Top reason: Fast compilation speed was a conscious choice in the Go compiler and also in the Go language
The Go compiler has a simpler optimizer than C/C++ compilers
Unlike C++, Go has no templates and no inline functions. This means that Go doesn't need to perform any template or function instantiation.
The Go compiler generates low-level assembly code sooner and the optimizer works on the assembly code, while in a typical C/C++ compiler the optimization passes work on an internal representation of the original source code. The extra overhead in the C/C++ compiler comes from the fact that the internal representation needs to be generated.
Final linking (5l/6l/8l) of a Go program can be slower than linking a C/C++ program, because the Go compiler is going through all of the used assembly code and maybe it is also doing other extra actions that C/C++ linkers aren't doing
Some C/C++ compilers (GCC) generate instructions in text form (to be passed to the assembler), while the Go compiler generates instructions in binary form. Extra work (but not much) needs to be done in order to transform the text into binary.
The Go compiler targets only a small number of CPU architectures, while the GCC compiler targets a large number of CPUs
Compilers which were designed with the goal of high compilation speed, such as Jikes, are fast. On a 2GHz CPU, Jikes can compile 20000+ lines of Java code per second (and the incremental mode of compilation is even more efficient).

Compilation efficiency was a major design goal:
Finally, it is intended to be fast: it should take at most a few seconds to build a large executable on a single computer. To meet these goals required addressing a number of linguistic issues: an expressive but lightweight type system; concurrency and garbage collection; rigid dependency specification; and so on. FAQ
The language FAQ is pretty interesting in regards to specific language features relating to parsing:
Second, the language has been designed to be easy to analyze and can be parsed without a symbol table.

While most of the above is true, there is one very important point that was not really mentionend: Dependency management.
Go only needs to include the packages that you are importing directly (as those already imported what they need). This is in stark contrast to C/C++, where every single file starts including x headers, which include y headers etc. Bottom line: Go's compiling takes linear time w.r.t to the number of imported packages, where C/C++ take exponential time.

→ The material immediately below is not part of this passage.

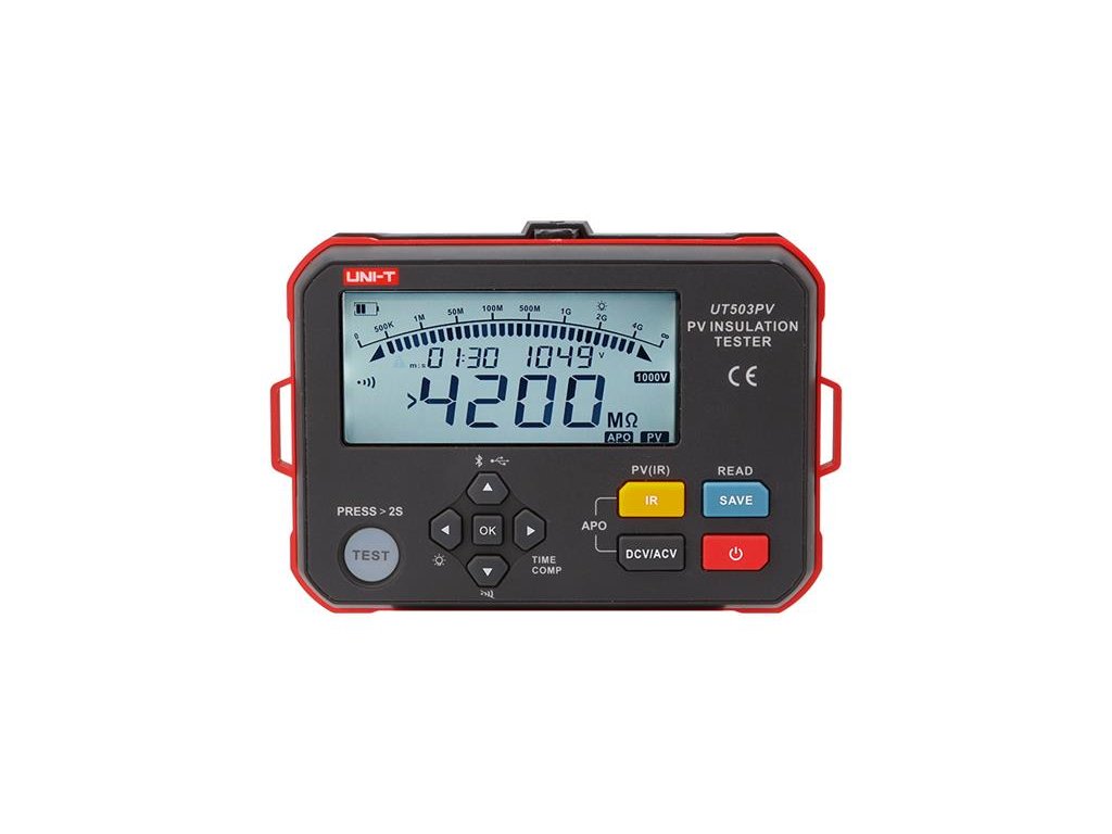 Na tento výrobek poskytujeme 3 roky záruku. Digitální tester izolačního odporu UT503PV lze použít k měření izolačního odporu s fotovoltaickým napájením (maximální: 1000 V DC) a konvenčního izolačního odporu (bez napájení) a automatické identifikaci střídavého / stejnosměrného napětí. Má několik funkcí, včetně: měření fotovoltaického izolačního odporu bez solárního panelu při výpadku napájení / zkratu nebo v noci, odstupňování napětí, přenosu Bluetooth, automatického vybíjení, varování před vysokým napětím, dálkově ovládaného provozu testovacího vodiče dalších. UT503PV se běžně používá k testování izolačního odporu pro různá zařízení, jako je fotovoltaický panel, akumulátorový systém skladování energie atd.

A good test for the translation efficiency of a compiler is self-compilation: how long does it take a given compiler to compile itself? For C++ it takes a very long time (hours?). By comparison, a Pascal/Modula-2/Oberon compiler would compile itself in less than one second on a modern machine [1].
Go has been inspired by these languages, but some of the main reasons for this efficiency include:
A clearly defined syntax that is mathematically sound, for efficient scanning and parsing.
A type-safe and statically-compiled language that uses separate compilation with dependency and type checking across module boundaries, to avoid unnecessary re-reading of header files and re-compiling of other modules - as opposed to independent compilation like in C/C++ where no such cross-module checks are performed by the compiler (hence the need to re-read all those header files over and over again, even for a simple one-line "hello world" program).
An efficient compiler implementation (e.g. single-pass, recursive-descent top-down parsing) - which of course is greatly helped by points 1 and 2 above.
These principles have already been known and fully implemented in the 1970s and 1980s in languages like Mesa, Ada, Modula-2/Oberon and several others, and are only now (in the 2010s) finding their way into modern languages like Go (Google), Swift (Apple), C# (Microsoft) and several others.
Let's hope that this will soon be the norm and not the exception. To get there, two things need to happen:
First, software platform providers such as Google, Microsoft and Apple should start by encouraging application developers to use the new compilation methodology, while enabling them to re-use their existing code base. This is what Apple is now trying to do with the Swift programming language, which can co-exist with Objective-C (since it uses the same runtime environment).
Second, the underlying software platforms themselves should eventually be re-written over time using these principles, while simultaneously redesigning the module hierarchy in the process to make them less monolithic. This is of course a mammoth task and may well take the better part of a decade (if they are courageous enough to actually do it - which I am not at all sure in the case of Google).
In any case, it's the platform that drives language adoption, and not the other way around.
References:
[1] http://www.inf.ethz.ch/personal/wirth/ProjectOberon/PO.System.pdf, page 6: "The compiler compiles itself in about 3 seconds". This quote is for a low cost Xilinx Spartan-3 FPGA development board running at a clock frequency of 25 MHz and featuring 1 MByte of main memory. From this one can easily extrapolate to "less than 1 second" for a modern processor running at a clock frequency well above 1 GHz and several GBytes of main memory (i.e. several orders of magnitude more powerful than the Xilinx Spartan-3 FPGA board), even when taking I/O speeds into account. Already back in 1990 when Oberon was run on a 25MHz NS32X32 processor with 2-4 MBytes of main memory, the compiler compiled itself in just a few seconds. The notion of actually waiting for the compiler to finish a compilation cycle was completely unknown to Oberon programmers even back then. For typical programs, it always took more time to remove the finger from the mouse button that triggered the compile command than to wait for the compiler to complete the compilation just triggered. It was truly instant gratification, with near-zero wait times. And the quality of the produced code, even though not always completely on par with the best compilers available back then, was remarkably good for most tasks and quite acceptable in general.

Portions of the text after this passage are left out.